Input material Start Marker
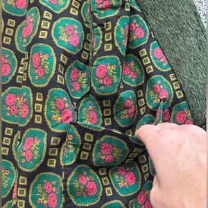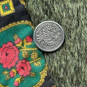 Most likely from the 60’s, possibly 50’s. Wool-blend deep green cape with mohair-like texture on exterior and exquisite floral lining. Intricate details on even the silver buttons! Tag says size 10 but I’m not sure how that translates to modern day size US 10. Approx 21” at the bust and 28.5” length. No flaws noted. Rare, one of a kind piece!
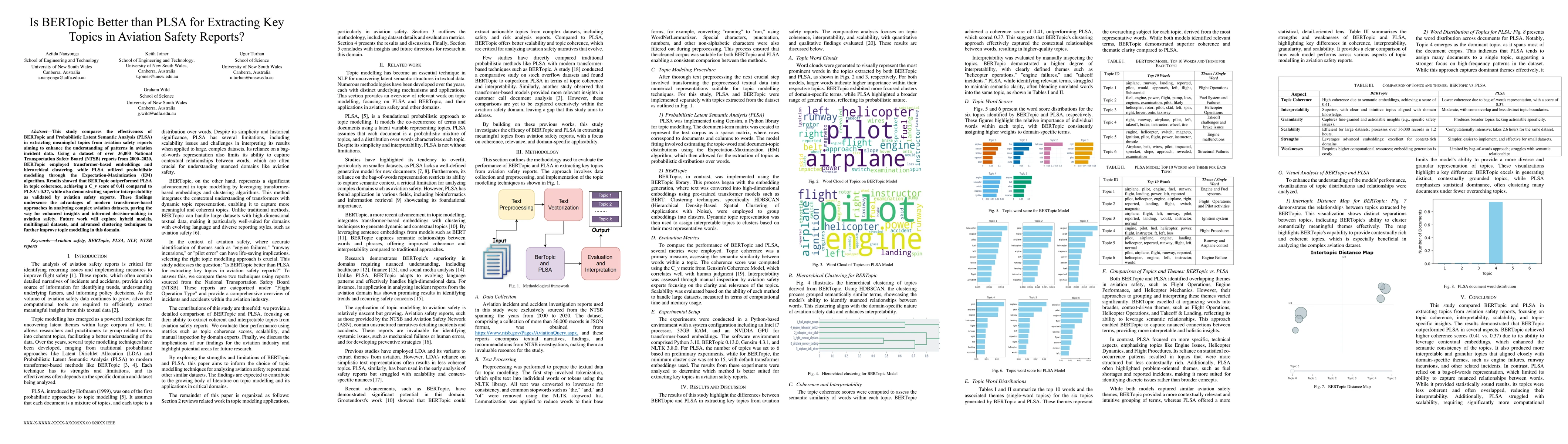 A study comparing BERTopic and PLSA found that BERTopic outperformed PLSA in topic coherence and interpretability for extracting key topics from aviation safety reports. The results suggest modern transformer-based approaches can provide enhanced insights and informed decision-making in aviation safety.
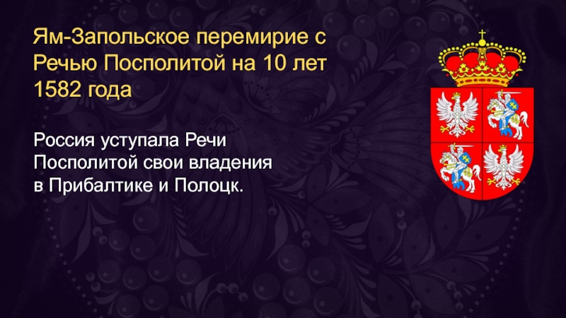 Слайд 15Плюсское перемирие со Швецией на 10 лет
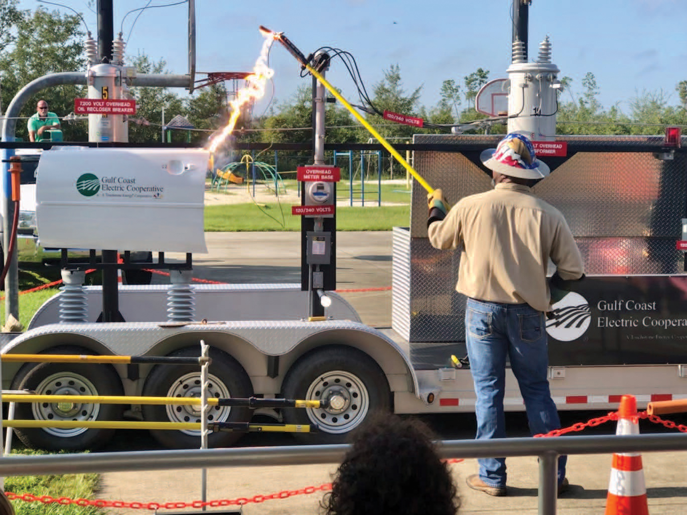 The presentation began with an overview of the safety equipment linemen are required to wear. Linemen then demonstrated what happens when squirrels and a ladder make contact with an energized line. An energized car door offers a powerful lesson on why you do not walk up and attempt to help someone in a car that has energized lines on it.
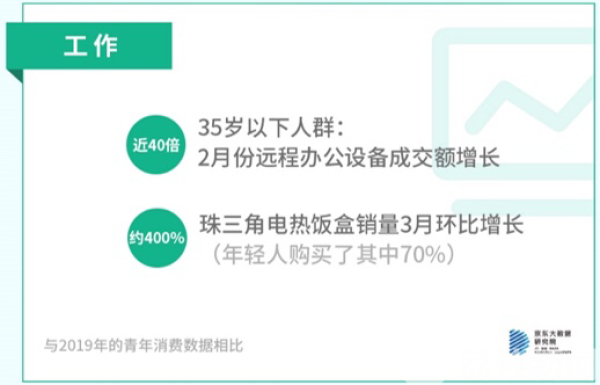 在对全国多个城市的办公用品消费追踪调查中发现,主要城市的大规模复工始于2月上旬,当时主要以远程办公为主,因此2月会议音频视频相关设备成交额同比增长近15倍,而35岁以下人群的成交额增长则达到近40倍;3月份之后增速逐步平稳,但年轻人群依然对办公用品有较强的需求,其中外设产品(键鼠、摄像头、耳麦等)成交额同比增长54%,路由器等网络产品成交额同比增长57%。
Input material End Marker
◆ Exercise prompt
Leave every picture out, and repeat exactly the lines from the one containing "A study comparing" through the last line of the entries, both ends included.

◆ Completed task
 A study comparing BERTopic and PLSA found that BERTopic outperformed PLSA in topic coherence and interpretability for extracting key topics from aviation safety reports. The results suggest modern transformer-based approaches can provide enhanced insights and informed decision-making in aviation safety.
 Слайд 15Плюсское перемирие со Швецией на 10 лет
 The presentation began with an overview of the safety equipment linemen are required to wear. Linemen then demonstrated what happens when squirrels and a ladder make contact with an energized line. An energized car door offers a powerful lesson on why you do not walk up and attempt to help someone in a car that has energized lines on it.
 在对全国多个城市的办公用品消费追踪调查中发现,主要城市的大规模复工始于2月上旬,当时主要以远程办公为主,因此2月会议音频视频相关设备成交额同比增长近15倍,而35岁以下人群的成交额增长则达到近40倍;3月份之后增速逐步平稳,但年轻人群依然对办公用品有较强的需求,其中外设产品(键鼠、摄像头、耳麦等)成交额同比增长54%,路由器等网络产品成交额同比增长57%。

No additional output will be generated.